All the places where the outside layer had places that were bad were all in areas where you lift up the lids on the benches or where something that you lifted up like the top bunk had kept scrapeing against the wood but thanks to my 2 little dogs the wood is now reuined.
I am sure there will be a couple places where I will have to replace the studs my husband put a window air conditioner in the camper to keep my dogs cool in the summer and water leaked in when it rained so I am sure the wood under the paneling is now bad. But it is possible the studs can be bad since it is an old camper so I won't be surprised if the wood is reuined when the walls come down.
The floor seems to be in good shape no soft spots and the camper seems very solid but as you said expect to find something when I remove the walls *lol*
I have nothing but time so will work on it when I feel up to it.
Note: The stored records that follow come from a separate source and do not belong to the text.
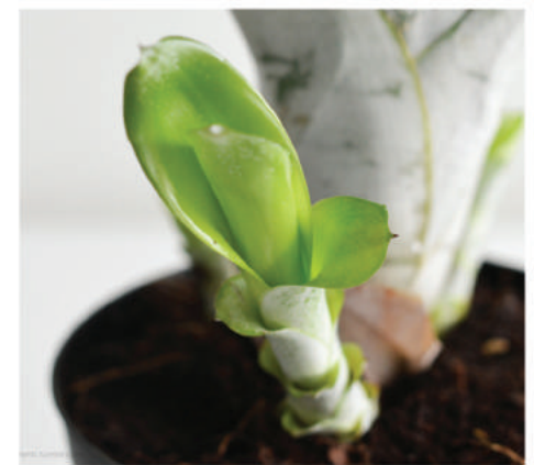
• Bromeliad Pup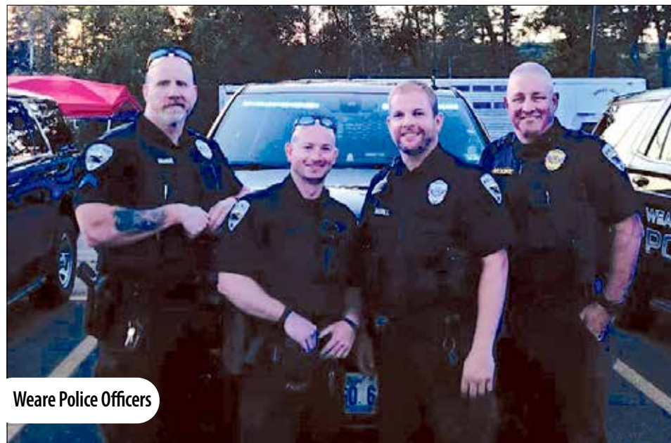
Weare Police Officers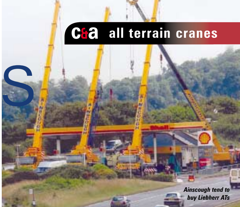
Ainscough tend to buy Liebherr ATs

We've got a GMK 4080-1 and a GMK 5130 on order. We get excellent service from Grove and, despite the current problems, I think that will continue. The product is excellent and so is the price. We've been running a GMK 5100 for five years. It's absolutely superb and actually made us as a company - that and our six Grove 50 tonners. They're the backbone of our fleet. Faun and Grove give us the same deal they give to the big boys, which I consider fair. Liebherr and Demag give deals to them that they won't give to me.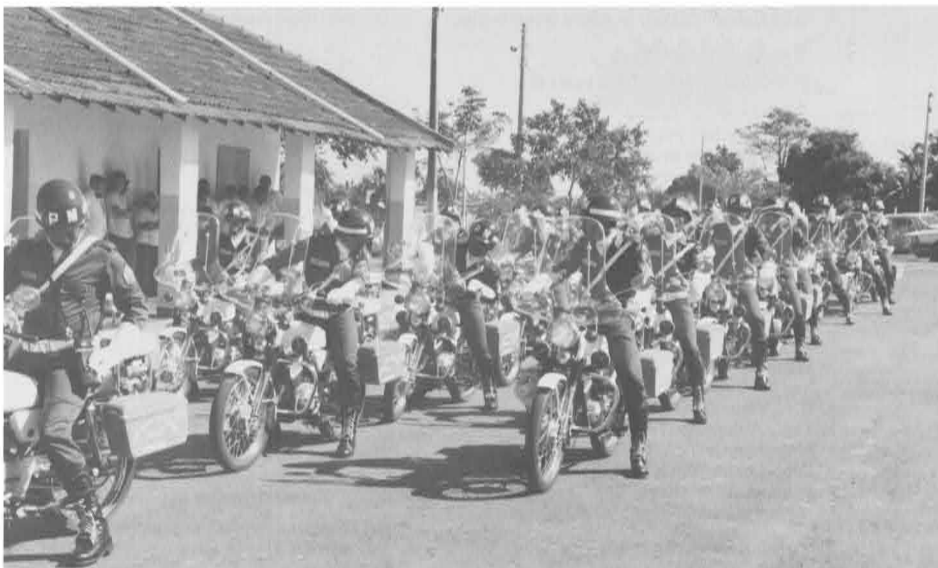
Parade of police bikes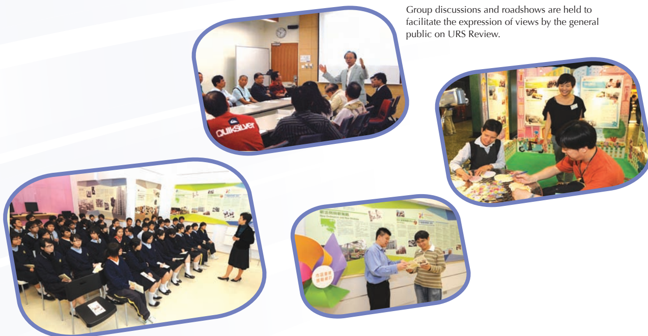
Public engagement activities organised in the Idea Shop.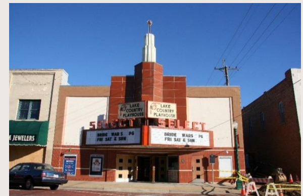
Special Use - Theater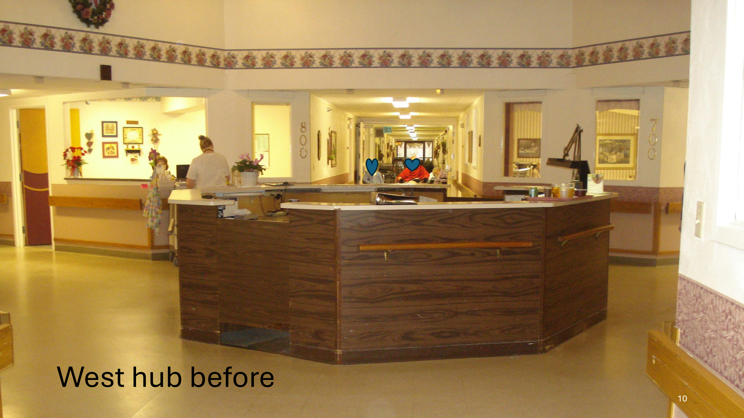
West hub before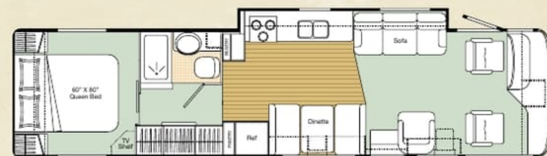
A3607G Wardrobe Slide-out Available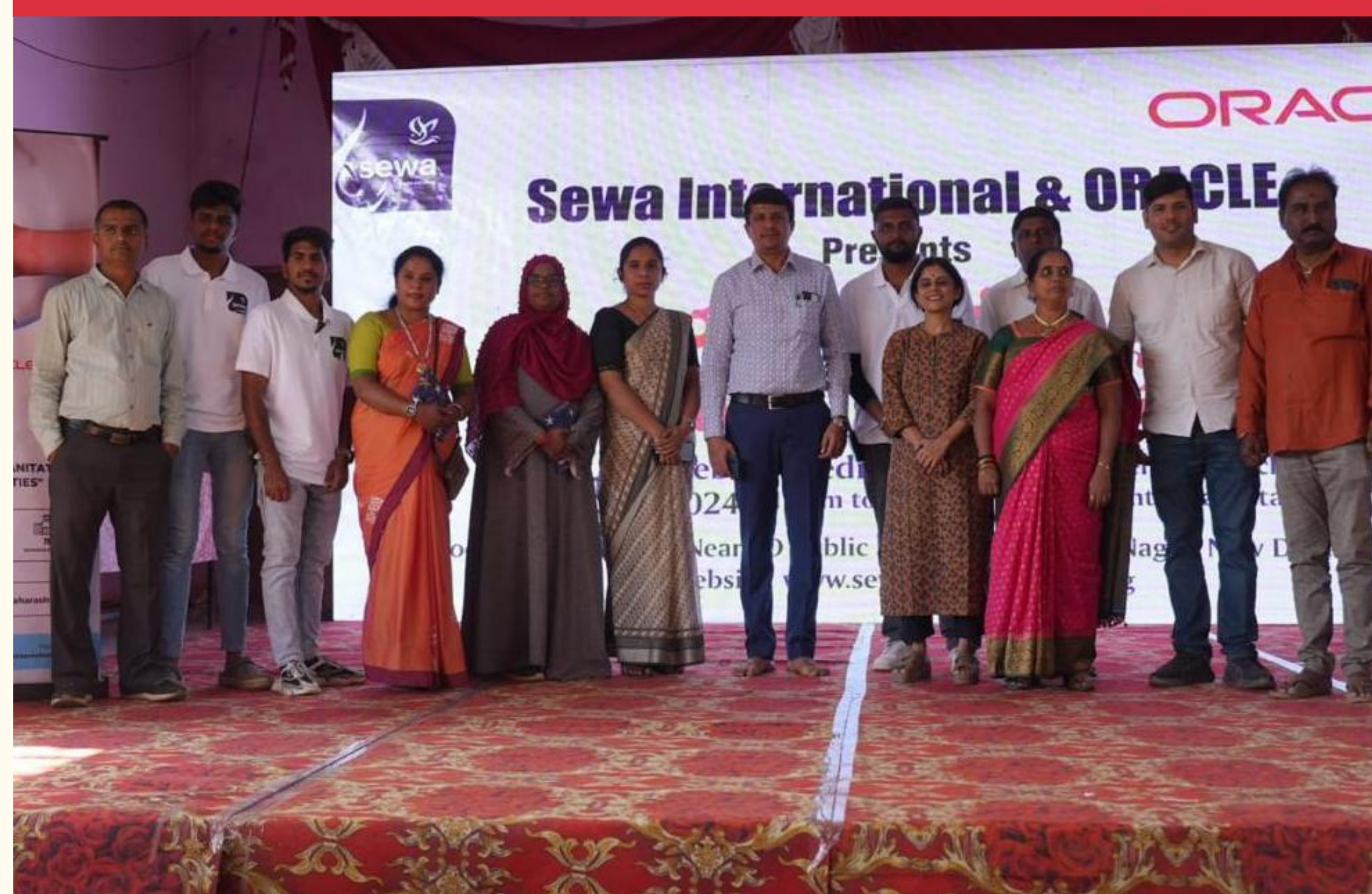
SHE team with guests at Yuva Mahotsav in Magadi, Karnataka

Over 1,200 students and teachers from twenty schools attended Yuva Mahotsav in Magadi, Karnataka. Oracle funds supported the event. Sewa's Sanitation, Hygiene, and Empowerment Project for the Girl Child (SHE) team organized a program with cultural performances by students, a walkathon, sapling plantation, and inspirational talks by distinguished guests. Additionally, the Sewa team shared insights on its collaboration with Oracle over the past four years.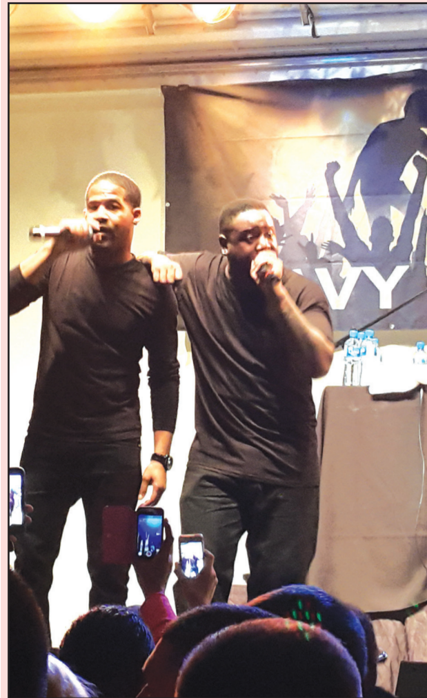
SURPRISE CONCERT: Rapper T-Pain entertains the audience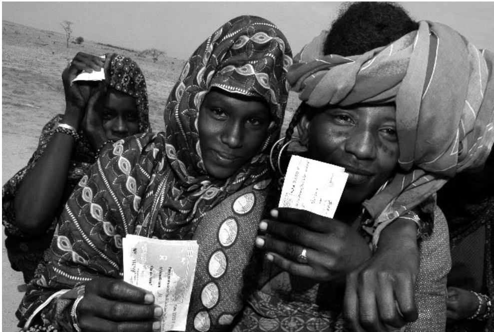
Vouchers for food in Niger, a new approach to relief.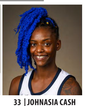
F | Gr. | 6-3 McKeesport, Pa.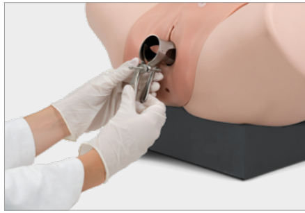
Perform vaginal examination with speculum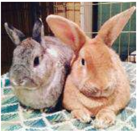
Eeyore and Lola.

and neutered. If interested in potentially adopting them, please email nyc.metro.rabbits@gmail.com

My brother in law was going to help me but he moved back to Austrailia after my sister divorced him so now I will have to do the work by myself.
We have a habitat resale shop in our town where they sell off surplus supplies from when they build the habitat for humanity homes they have tons of stuff there so I am sure I can pick up some things there to especially since the camper is small and I won't need a whole lot of any one thing I am more likley to get enough of what ever I need to do certain things like light fixtures or wood I plan on going there this week and check out what they have.
We also have several construction conpanies close by that throw out quite a bit of wood that could work perfect for studs or other things so I may go by and see if they have any thrown out and grab it I figure it would be going to the land fill anyway so why not get some. We also have many trailer factories in our area and if you ask they are more then happy to give you scrap wood to so I am sure I can get many things I need for free. I also live 20 mins from RV Surplus in Elkhart so I can get any RV parts from them since they carry hard to find items and items for vintage campers.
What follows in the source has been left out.